For a good long hour or two, we had the unbroken pleasure of listening to the honorable member, while he recited, with his usual grace and spirit, and with evident high gusto, speeches, pamphlets, addresses, and all that et ceteras of the political press, such as warm heads produce in warm times, and such as it would be “discomfiture” indeed for any one, whose taste did not delight in that sort of reading, to be obliged to peruse. This is his war. This is to carry the war into the enemy’s country. It is in an invasion of this sort that he flatters himself with the expectation of gaining laurels fit to adorn a senator’s brow.
Mr. President, I shall not, it will, I trust, not be expected that I should, either now or at any time, separate this farrago into parts, and answer and examine its components. I shall hardly bestow upon it all a general remark or two. In the run of forty years, sir, under this constitution, we have experienced sundry successive violent party contests. Party arose, indeed, with the constitution itself, and in some form or other has attended through the greater part of its history.

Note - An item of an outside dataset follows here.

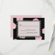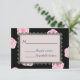 Big pink cabbage roses are splashed across a black background on this modern, romantic design. The center inset is surrounded by black heart-shaped lace. All text is easily customized.
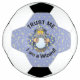 Um velho feiticeiro com capa azul olhando para a bola mágica de cristal.

Whether any other constitution than the old articles of confederation was desirable, was itself, a question on which parties divided; if a new constitution was framed, what powers should be given to it was another question; and when it had been formed, what was, in fact, the just extent of the powers actually conferred was a third. Parties, as we know, existed under the first administration, as distinctly marked as those which manifested themselves at any subsequent period.
The contest immediately preceding the political change in 1801, and that, again, which existed at the commencement of the late war, are other instances of party excitement, of something more than usual strength and intensity. In all these conflicts there was, no doubt, much of violence on both and all sides. It would be impossible, if one had a fancy for such employment, to adjust the relative quantum of violence between these two contending parties. There was enough in each, as must always be expected in popular governments. With a great deal of proper and decorous discussion there was mingled a great deal, also, of declamation, virulence, crimination, and abuse.